Problems

Prove that in any set of 117 unique three-digit numbers it is possible to pick 4 non-overlapping subsets, so that the sum of the numbers in each subset is the same.

Let’s denote any two digits with the letters $A$ and $X$. Prove that the six-digit number $XAXAXA$ is divisible by 7 without a remainder.

The numbers $p$ and $q$ are such that the parabolas $y=-2x^2$ and $y=x^2+px+q$ intersect at two points, bounding a certain figure.

Find the equation of the vertical line dividing the area of this figure in half.
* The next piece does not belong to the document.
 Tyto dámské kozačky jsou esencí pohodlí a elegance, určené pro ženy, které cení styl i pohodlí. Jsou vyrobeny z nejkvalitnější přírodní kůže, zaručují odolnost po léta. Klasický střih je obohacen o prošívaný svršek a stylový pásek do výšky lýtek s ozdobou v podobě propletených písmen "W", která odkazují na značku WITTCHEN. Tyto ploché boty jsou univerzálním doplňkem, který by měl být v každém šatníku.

When water is drained from a pool, the water level $h$ in it varies depending on the time $t$ according to the function $h(t)=a{t}^2+bt+c$, and at the time $t_0$ of when the draining is ending, the equalities $h(t_0)=h^{\prime }(t_0)=0$ are satisfied. For how many hours does the pool drain completely, if in the first hour the water level in it is reduced by half?
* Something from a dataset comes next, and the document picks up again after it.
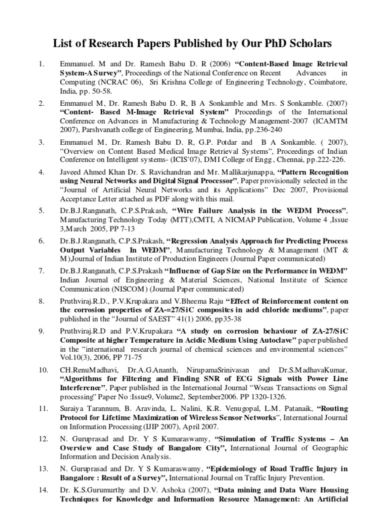 List of Research Papers Published by Our PhD Scholars Cryptography

What is the smallest number of ‘L’ shaped ‘corners’ out of 3 squares that can be marked on an $8\times 8$ square grid, so that no more ’corners’ would fit?

Three circles are constructed on a triangle, with the medians of the triangle forming the diameters of the circles. It is known that each pair of circles intersects. Let $C_1$ be the point of intersection, further from the vertex $C$, of the circles constructed from the medians $A{M}_1$ and $B{M}_2$. Points $A_1$ and $B_1$ are defined similarly. Prove that the lines $A{A}_1$, $B{B}_1$ and $C{C}_1$ intersect at the same point.
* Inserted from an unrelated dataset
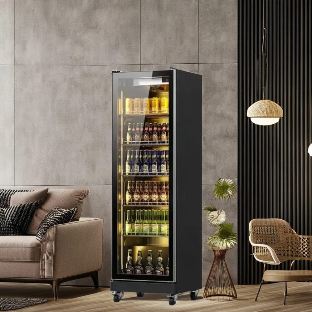 מקרר תצוגה ושתייה עומד שחור דלת זכוכית פלזמה 387 ליטר נסליין

The function $f(x)$ is defined on the positive real $x$ and takes only positive values. It is known that $f(1)+f(2)=10$ and $f(a+b)=f(a)+f(b)+2\sqrt{f(a)f(b)}$ for any $a$ and $b$. Find $f(2^{2011})$.

On a chessboard, $n$ white and $n$ black rooks are arranged so that the rooks of different colours cannot capture one another. Find the greatest possible value of $n$.

Does there exist a real number $\alpha$ such that the number $\cos \alpha$ is irrational, and all the numbers $\cos 2\alpha$, $\cos 3\alpha$, $\cos 4\alpha$, $\cos 5\alpha$ are rational?

Solve the inequality: $\lfloor x\rfloor \times \{x\}<x-1$.